History has a number of examples of ménages à trois relationships. Sir William Hamilton (British ambassador to Naples), his wife Emma Hamilton, and her lover, the naval hero Admiral Horatio Lord Nelson, were in a ménage à trois from 1799 until Nelson's death in 1805. The German intellectual Dorothea von Rodde-Schlözer, her husband Mattheus Rodde and the French philosopher Charles de Villers also had a ménage à trois from 1794 until her husband's death in 1810. At the age of 16, in 1813, the future author of Frankenstein, Mary Godwin, eloped with her to-be husband Percy Bysshe Shelley and engaged in a ménage with Claire Clairmont, future lover of Lord Byron, with whom the Shelleys would later have an extensive relationship. As did the writer Aldous Huxley and his first wife Maria, with Mary Hutchinson, a friend of Clive Bell. The author E. Nesbit lived with her husband Hubert Bland and his mistress Alice Hoatson, and raised their children as her own. The actress Hattie Jacques lived with her husband John Le Mesurier and her lover John Schofield. The political philosopher Friedrich Engels lived in a ménage à trois with his mistress Mary Burns and her sister Lizzie.
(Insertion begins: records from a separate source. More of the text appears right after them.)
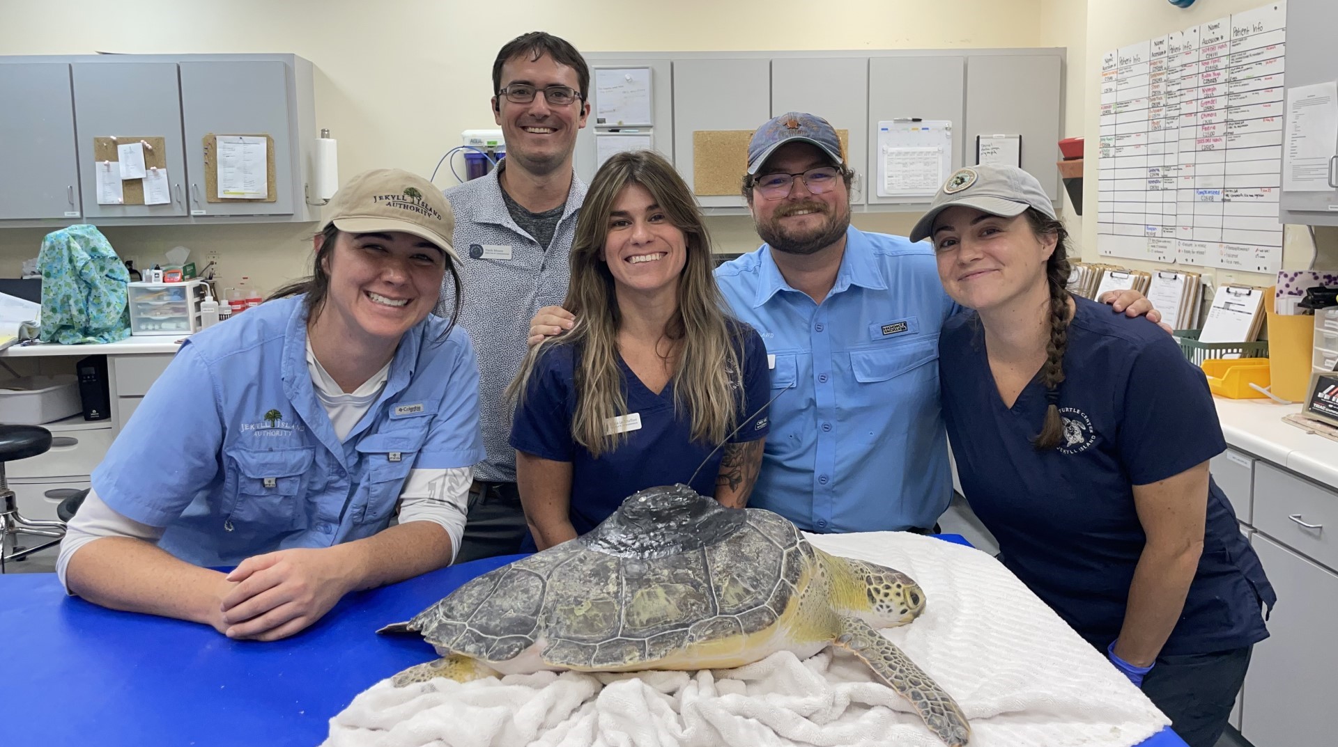 The juvenile green turtle was discovered on Little Cumberland Island and treated at the Georgia Sea Turtle Center (GSTC) on Jekyll Island for a severe shell infection and fibropapillomatosis. Following rehabilitation and being cleared by Georgia Sea Turtle Center veterinary staff, the turtle was fitted with a satellite tag and released from Jekyll Island.
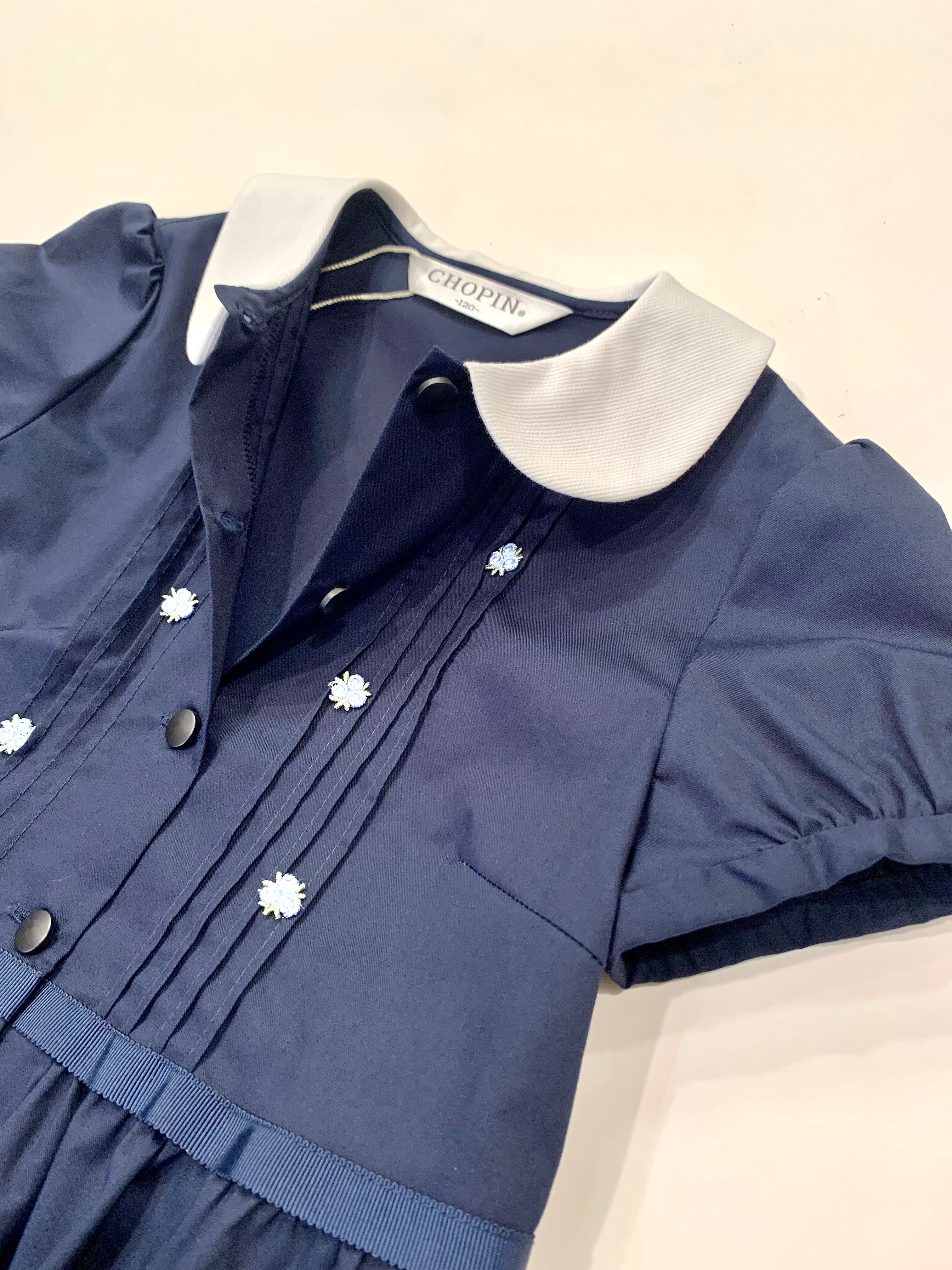 胸元のピンタックと刺繍がアクセントになった可愛いワンピースです。学校訪問や通塾用として、また夏のお出かけにお薦めのワンピースです。
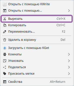 - выбрать в контекстном меню "Вырезать" (Рисунок 63) или нажать

Speculation exists that, in 1547–48, Queen Catherine Parr, widow of Henry VIII, and her fourth husband Thomas Seymour were involved in a ménage with the future Queen Elizabeth. This is probably exaggerated, although episodes of sexually charged horseplay involving the three were well attested. The Russian and Soviet poet Vladimir Mayakovsky lived with Lilya Brik, who was considered his muse, and her husband Osip Brik, an avant garde writer and critic.

In 1913, the well-known psychoanalyst Carl Jung began a relationship with a young patient, Toni Wolff, which lasted for some decades. Deirdre Bair, in her biography of Carl Jung, describes his wife Emma Jung as bearing up nobly as her husband insisted that Toni Wolff become part of their household, saying that Wolff was "his other wife". Erwin Schrödinger, his wife Annemarie Bertel, and his mistress Hilde March had a ménage à trois.